In the trade unions, workers' parties, and other organizations of the workers and the oppressed, each section should raise democratic and transitional demands, taking as a starting point in developing these demands the program developed by the Revolutionary Workers League/US for its intervention in the Lesbian/Gay Coalition against Racism (LGCAR).

5. Each section will take responsibility for planning research on lesbian/gay issues; the history of lesbians and gay men in the trade union movement, the socialist movement, and the lesbian and gay movements; and the history and theory of lesbian and gay oppression. The leadership of each section will encourage and support this research and subsequent writing on these issues.

6. Each section will analyze its newspaper coverage of lesbian and gay oppression and work among lesbians and gay men and will take concrete steps to provide consistent coverage of issues regarding lesbians and gay men in its particular country and internationally.

7. Each section will look critically at its current recruitment of lesbians and gay men, especially working-class and minority lesbians and gay men, and will take concrete steps to recruit more lesbians and gay men over the course of the next time period. The goal of each section will be to raise its number of lesbian and gay members to at least 10 percent of the total membership.

8. Each section will analyze its development of lesbian and gay-male leadership and will take the necessary steps to provide the political education, experience, and support necessary to develop lesbian and gay leaders, theoretically and practically, in work among lesbians and gay men and in all other aspects of their work.

9. Each section will take the necessary steps to provide political education on the oppression of lesbians and gay men for its comrades.

10. Sections in the neocolonial countries will intervene in the fight against imperialism to organize lesbians and gay men and to emphasize the importance of the lesbian/gay question, as well as the woman question, to national liberation and workers' revolution.
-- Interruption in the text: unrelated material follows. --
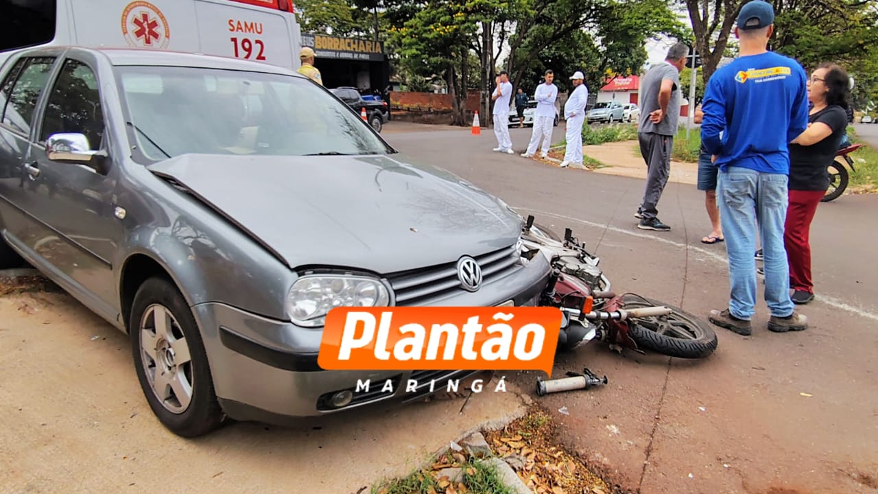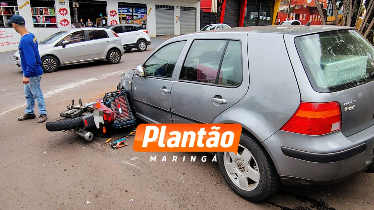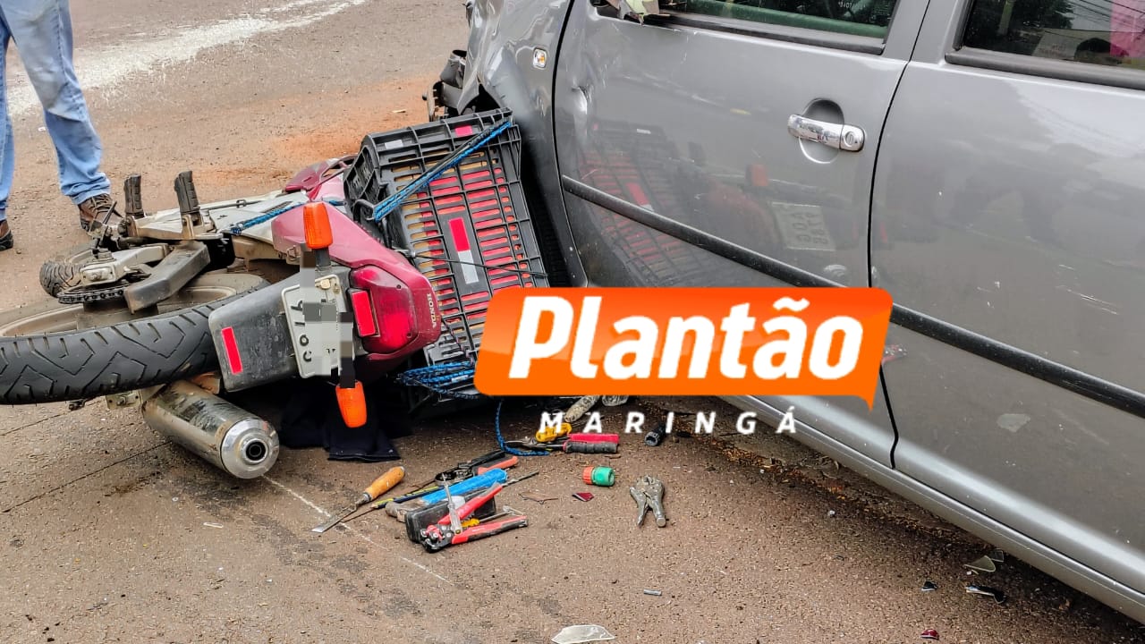Um grave acidente foi registrado na manhã desta quarta-feira (8) no cruzamento da Avenida Tuiuti com a Rua Rio Jordão, no Jardim Champagnat, em Maringá. A colisão envolveu um carro e uma motocicleta. Imagens de uma câmera de segurança mostram o momento em que o motorista do automóvel avança a preferencial e atinge o motociclista, que seguia pela via. Com o impacto, o condutor da moto, de 65 anos, foi arremessado e sofreu múltiplas fraturas nas pernas.

11. Each section will provide copies of its perspectives for work among lesbians and gay men, as outlined in this resolution, for all other ITC sections within one year after this resolution has been adopted.

12. Each section will exchange documents organizing materials, etc., on its work among lesbians and gay men with the other ITC sections.

13. The ITC will communicate with the International Gay Association (IGA), the International Lesbian Information Network (ILIN), and other international lesbian and gay organizations to begin to establish links with lesbians and gay men around the world.

The ITC will further develop guidelines for work among lesbians and gay men in Stalinist countries when sections from those countries become members of the ITC.  

A goal of the ITC, when possible, will be to form an international lesbian/gay commission develop international perspectives on work among lesbians and gay men and to coordinate that work internationally.